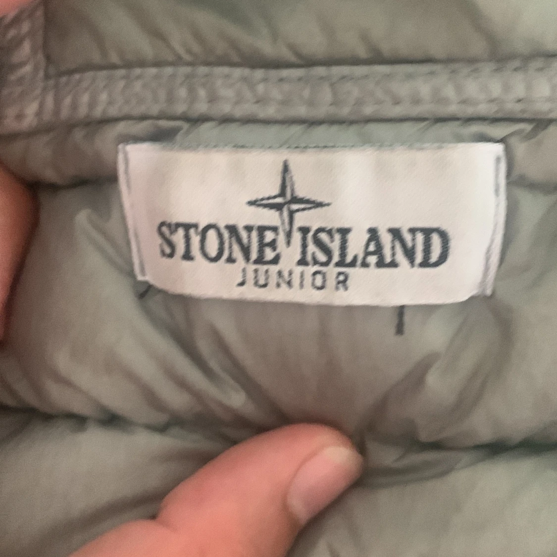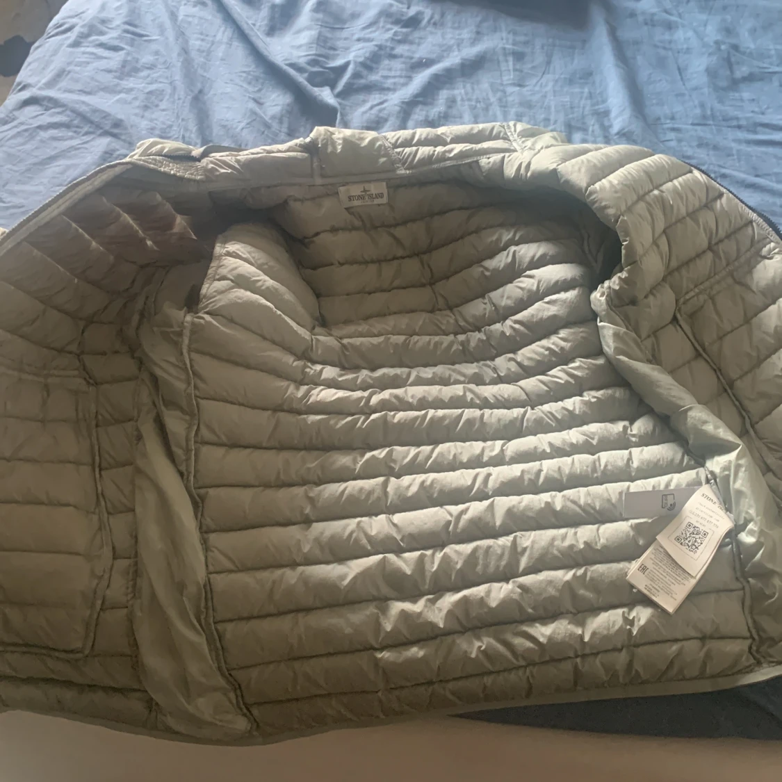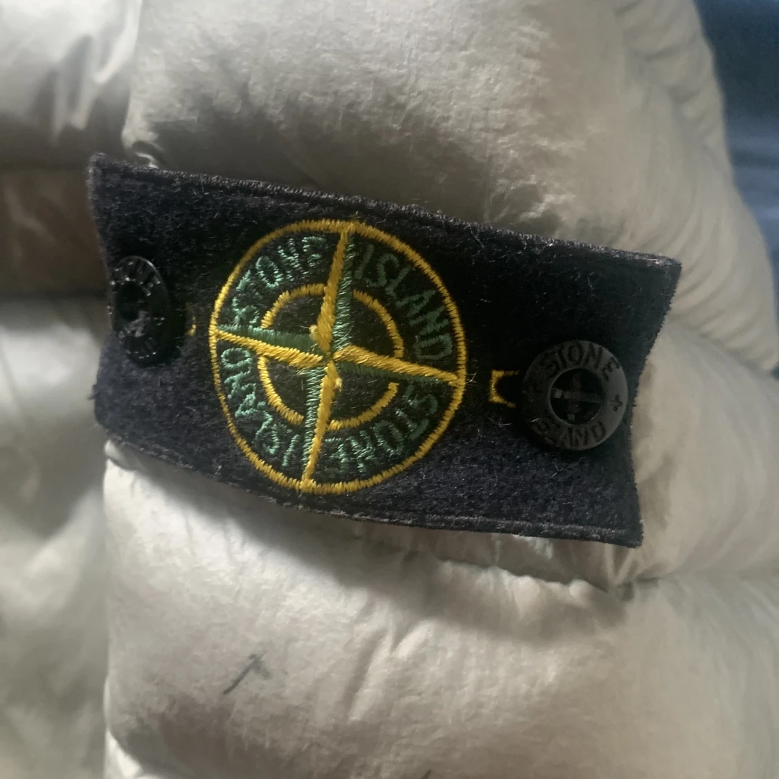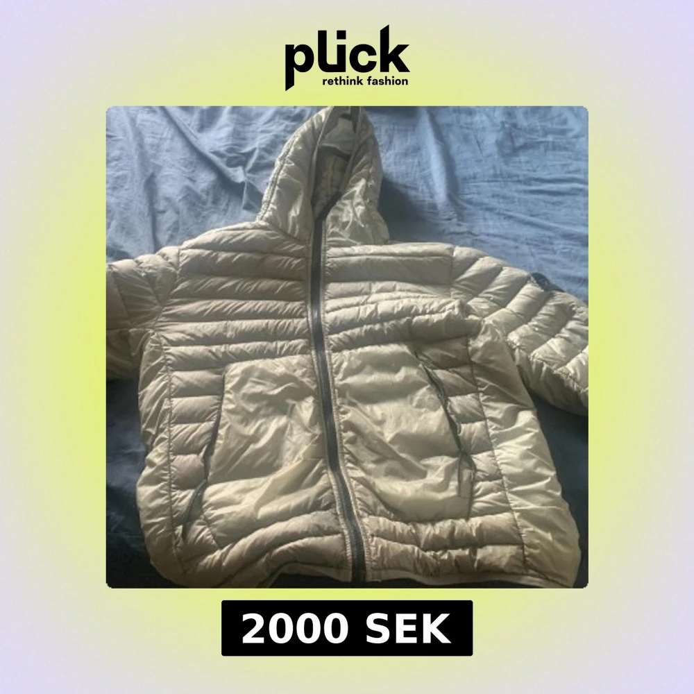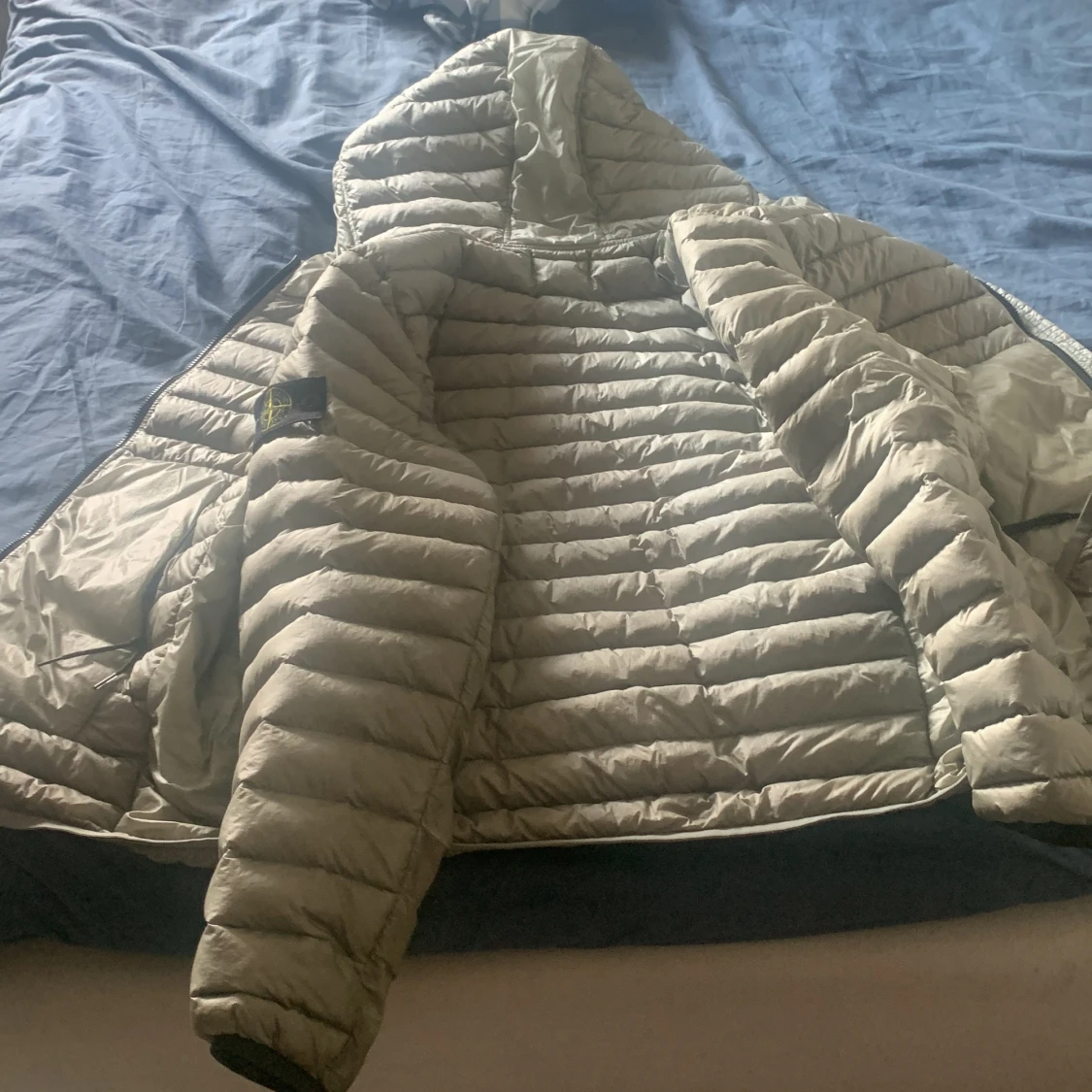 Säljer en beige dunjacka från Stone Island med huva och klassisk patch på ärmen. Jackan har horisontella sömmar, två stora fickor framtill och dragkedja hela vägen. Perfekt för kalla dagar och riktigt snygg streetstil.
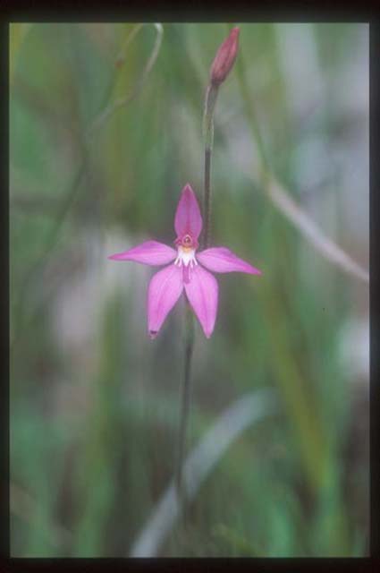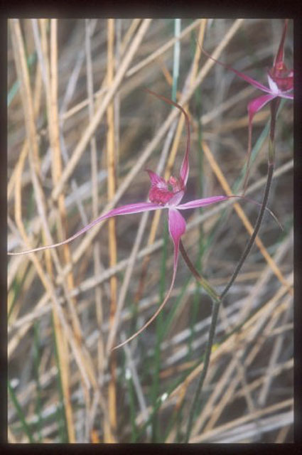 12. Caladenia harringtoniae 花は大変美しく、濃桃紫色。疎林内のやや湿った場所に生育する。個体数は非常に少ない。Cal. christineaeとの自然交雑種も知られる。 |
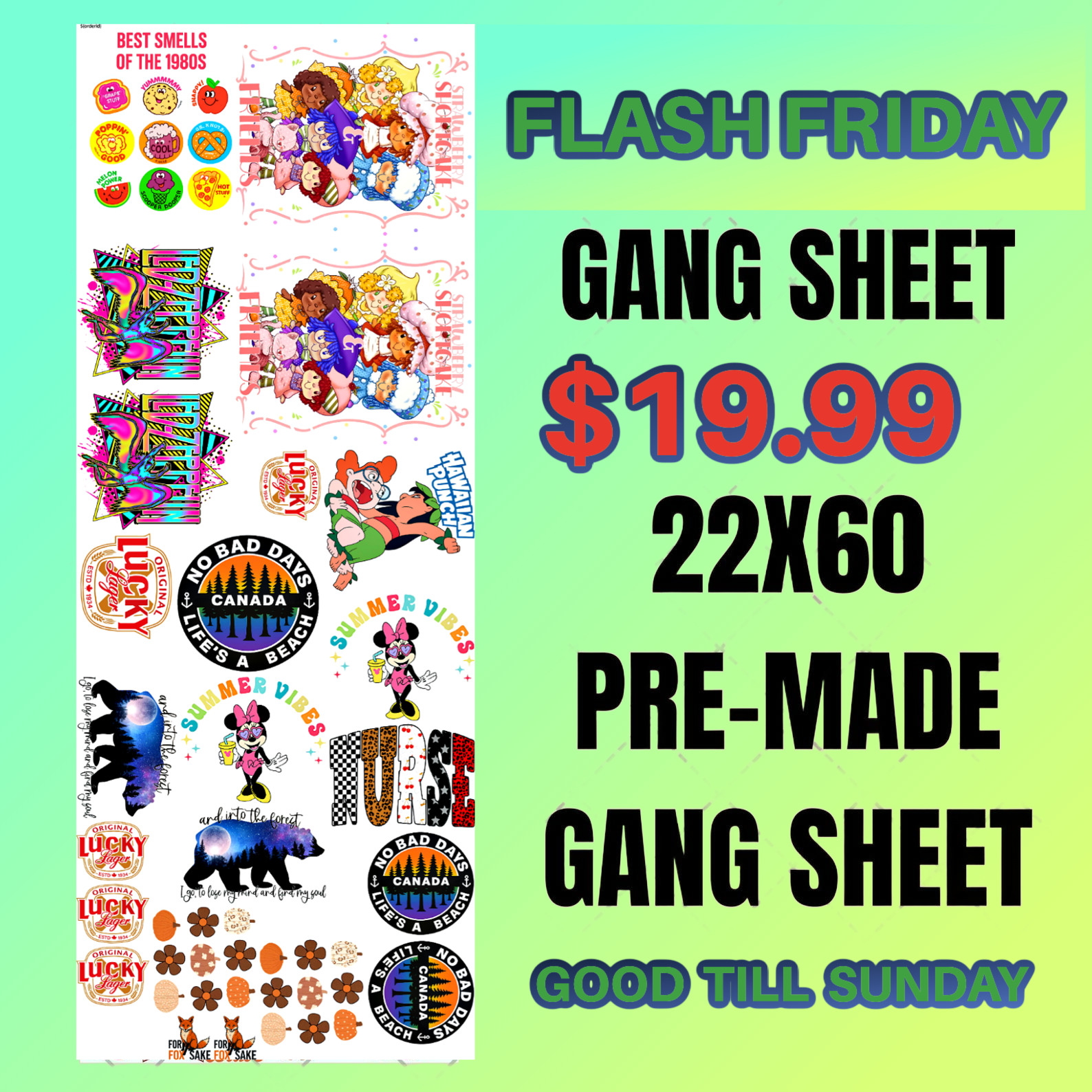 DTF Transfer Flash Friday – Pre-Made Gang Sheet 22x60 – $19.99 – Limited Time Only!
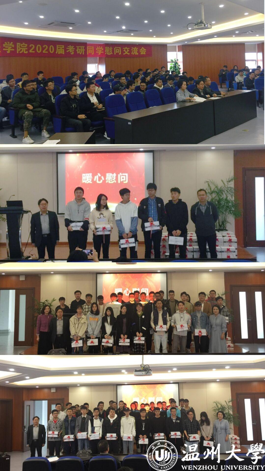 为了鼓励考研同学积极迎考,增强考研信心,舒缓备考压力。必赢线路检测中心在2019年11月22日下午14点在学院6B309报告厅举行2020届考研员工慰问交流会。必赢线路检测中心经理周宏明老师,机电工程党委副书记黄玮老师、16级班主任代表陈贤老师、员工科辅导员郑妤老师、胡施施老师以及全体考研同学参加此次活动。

◆ What you are asked to do ◆
All lines above must be repeated exactly, and the pictures must be omitted.

◆ Answer below ◆
 Säljer en beige dunjacka från Stone Island med huva och klassisk patch på ärmen. Jackan har horisontella sömmar, två stora fickor framtill och dragkedja hela vägen. Perfekt för kalla dagar och riktigt snygg streetstil.
 12. Caladenia harringtoniae 花は大変美しく、濃桃紫色。疎林内のやや湿った場所に生育する。個体数は非常に少ない。Cal. christineaeとの自然交雑種も知られる。 |
 DTF Transfer Flash Friday – Pre-Made Gang Sheet 22x60 – $19.99 – Limited Time Only!
 为了鼓励考研同学积极迎考,增强考研信心,舒缓备考压力。必赢线路检测中心在2019年11月22日下午14点在学院6B309报告厅举行2020届考研员工慰问交流会。必赢线路检测中心经理周宏明老师,机电工程党委副书记黄玮老师、16级班主任代表陈贤老师、员工科辅导员郑妤老师、胡施施老师以及全体考研同学参加此次活动。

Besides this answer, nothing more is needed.